Activity:
Pictures should be left out when the listing below is repeated word for word.

Provided material:
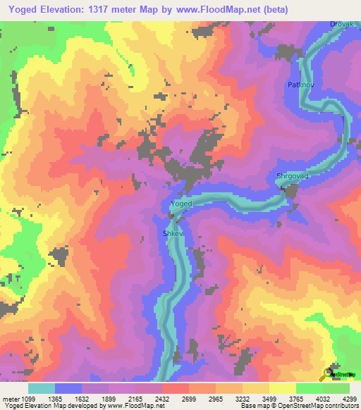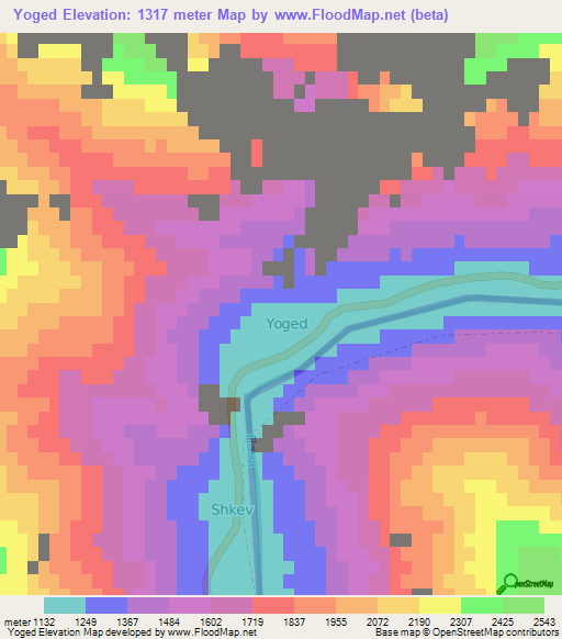 Note:Please note that Yoged,Tajikistan Elevation Map is in beta.
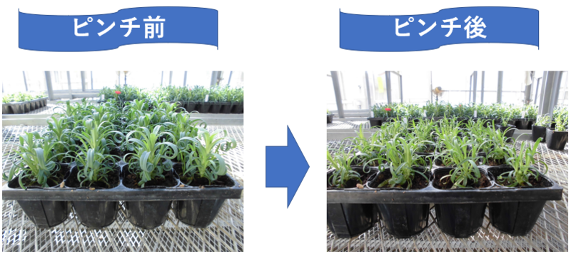 摘心は草姿を整えるために、茎頂部を摘み取り側枝の発生を促し一株当たりの花数を増やすために行っています。
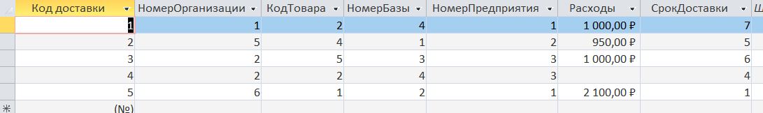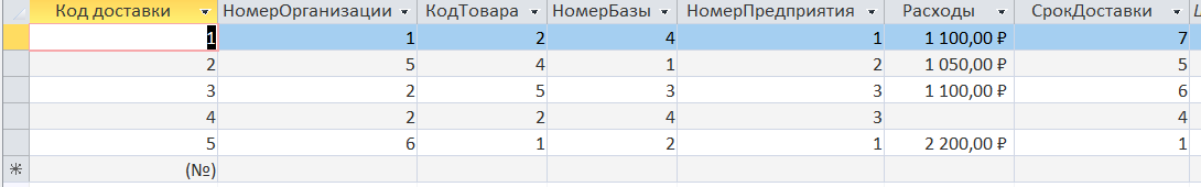 Обновление строк в таблице «Доставка»
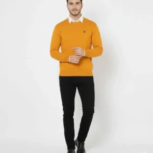 Erkek Bisiklet Yaka Nakış Işlemeli Triko Kazak Yumuşak Dokulu Pamuklu Ince Dokuma, Uzun Kollu Rahat Regular Kalıp – Turuncu
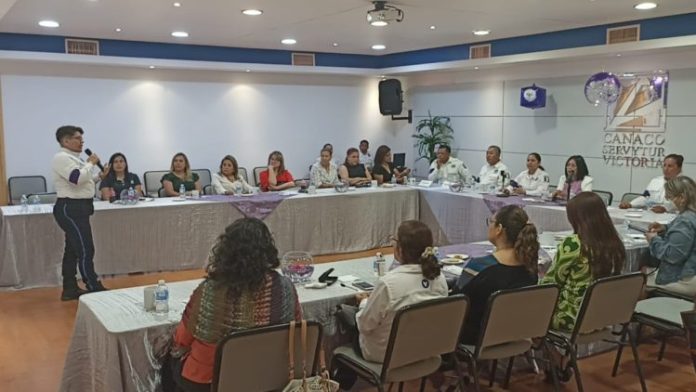 Ciudad Victoria, Tamaulipas.- Con la finalidad de concientizar a mujeres empresarias respecto a los diferentes tipos de violencia, el personal de la Guardia Estatal de Género impartió un taller a 22 mujeres empresarias de la Cámara Nacional de Comercio (CANACO).

Exercise output:
 Note:Please note that Yoged,Tajikistan Elevation Map is in beta.
 摘心は草姿を整えるために、茎頂部を摘み取り側枝の発生を促し一株当たりの花数を増やすために行っています。
 Обновление строк в таблице «Доставка»
 Erkek Bisiklet Yaka Nakış Işlemeli Triko Kazak Yumuşak Dokulu Pamuklu Ince Dokuma, Uzun Kollu Rahat Regular Kalıp – Turuncu
 Ciudad Victoria, Tamaulipas.- Con la finalidad de concientizar a mujeres empresarias respecto a los diferentes tipos de violencia, el personal de la Guardia Estatal de Género impartió un taller a 22 mujeres empresarias de la Cámara Nacional de Comercio (CANACO).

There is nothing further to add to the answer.